Ist das Rosen- anhäufeln nicht veraltet, ich gieße sie lieber, auch im Winter. 

Gruß Ron!


----------



## laolamia (25. Nov. 2014)

warum veraltet?
sie drohen sonst an der veredelung zu erfrieren, ich haeufel sie immer mit pferdemist an.


----------



## samorai (25. Nov. 2014)

Machst Du es auch an veredelte Obstbäume?

Ron!


----------



## Limnos (25. Nov. 2014)

Hi @:Machst Du es auch an veredelte Obstbäume?

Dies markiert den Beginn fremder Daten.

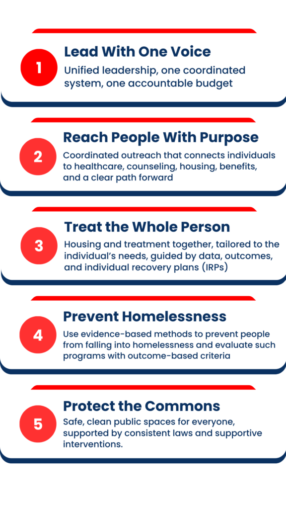 A clear, coordinated, and compassionate framework for helping people move from the street into stability, recovery, and
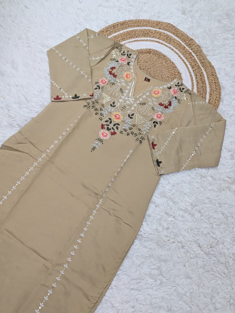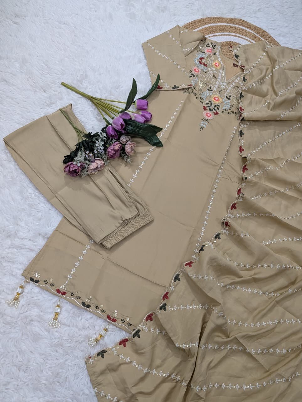 TOP FABRIC : PURE VISCOSE CHANDERI SILK WITH SEQUENCE COADING EMBROIDERY WORK

Dafür dürften die Veredlungsstellen an Obstbäumen etwas zu hoch sein.
Noch einen herbstlichen Nachschlag


----------



## samorai (25. Nov. 2014)

Na Ihr drei, seid ihr euch sicher!
Duo-APFELBAUM (Golden Delacius),(Elstal) :Veredlungsstelle  5-7cm über den Erdboden.
  
Duo Birne (William Christ),(Gute Louise) : Veredlungsstelle 5-7cm über den Erdboden.
  
Die Bäume stehen schon an die 10 Jahre.

Gruß Ron!


----------



## laolamia (26. Nov. 2014)

wir weichen ab.... nein an obstbäume mach ich es nicht


----------



## Dieter_B (26. Nov. 2014)

Würde auch gerne eins zeigen, tritt aber immer ein problem beim hochladen auf.


----------